Sequences were aligned in Mafft (v7.520) (Katoh & Standley, 2013) and best-fitting substitution model was selected (for each serotype group) using ModelTest-NG (v0.1.7) (Darriba et al., 2020) program. Maximum likelihood tree reconstructed for VP1 sequences with bootstrapping of replicates 1000 times using RAxML-NG (v1.2.0). The ML tree was reconstructed to demonstrate the genetic diversity of the worldwide strains and the allocation of sequenced Kazakhstani enterovirus strains to particular genotype and sub-genotype group. Interactive Tree Of Life (iTOL) (v1.0) (Letunic & Bork, 2007) was used for illustration and annotation of the ML tree.

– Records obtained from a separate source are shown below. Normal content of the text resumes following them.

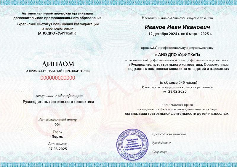 Да, дипломы и удостоверения оформляются в соответствии с действующим законодательством РФ. Документы печатаются на специальных бланках, заверяются печатью АНО ДПО «УрИПКиП».
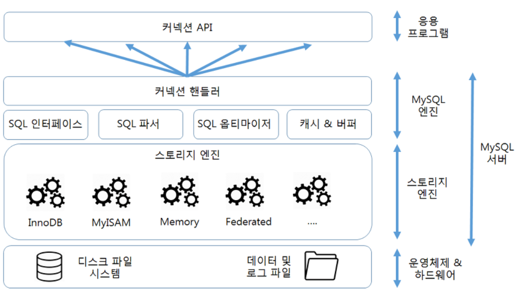 MySQL은 다른 DBMS에 비해 아키텍처가 매우 독특하다.
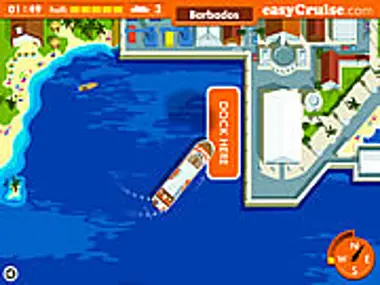 Steer Easy Cruise One around the Caribbean ports by using the cursor keys. Sail her carefully into the dock to complete the level. Each level is a little more difficult as the ports get a little busier and the wind speed increases. Use the A and S keys to help nudge the bow of the boat with the bow thrusters.
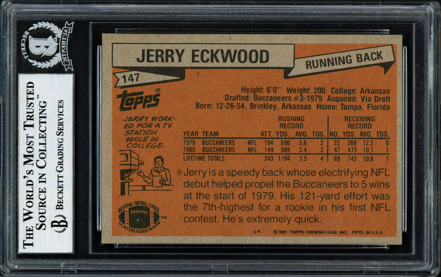 Jerry Eckwood Autographed 1981 Topps Card #147 Tampa Bay Buccaneers Beckett BAS #12058721
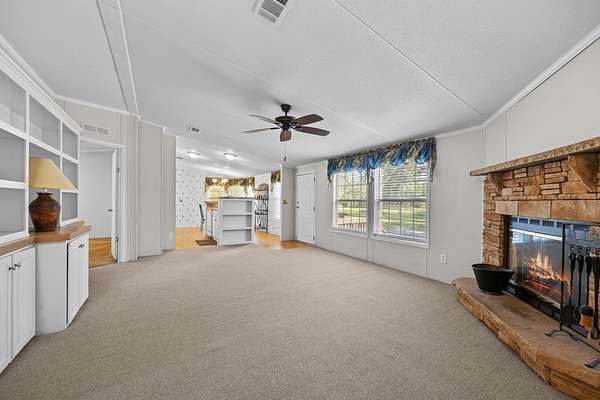 - Blinds, Book Case(s), Ceiling Fans, Eat-In Kitchen, Electric Dryer, Electric Range, Fireplace, Front Load Washer, Kitchen Island, Kitchen/Dining Combo, Laundry/Utility Room, Living Room, Open Floor Plan, Smoke Detector, Walk-In Closet(s), w/ Hookups
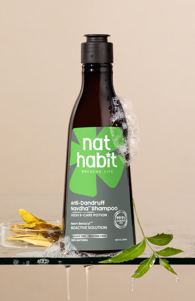 Nat Habit introduces the Fresh Navdha Anti-Dandruff Shampoo, a clinically tested formulation designed to eliminate 99.9% of dandruff-causing fungus. Powered by Advanced FlakeZero™ Technology with 5% Beracyl™, the plant-based formula targets fungal overgrowth, excess sebum, and scalp inflammation. Enriched with Neem actives, Green Tea EGCG, Bhringraj extracts, and Lactic Acid, it helps restore scalp balance while remaining sulfate and silicone-free.

Analysis of whole genome sequencing data
Phylogenetic analysis of 65 whole genome sequences from 58 infected patients in Kazakhstan was performed. Nucleotide substitution model for evolutionary analysis was performed in ModelTest-NG (v0.1.7) (Darriba et al., 2020) and the best fitting model was selected as “GTR+I+G”. Phylogenetic tree was reconstructed using the maximum likelihood (ML) method with the bootstrap random sampling method in RAxML-NG (v1.2.0), with n=1000 bootstraps. Statistically significant bootstrap (bs) values greater than 50% were shown for the tree nodes. To detect if sufficient “temporal signal” was present in the data TempEst (v1.5.3) (Rambaut et al., 2016) software was used. Phylogenetic tree was visualized and annotated in Interactive Tree Of Life (iTOL) (Letunic & Bork, 2007) online tool. Pairwise genetic distances were estimated using ape package in R (R Core Team, 2022).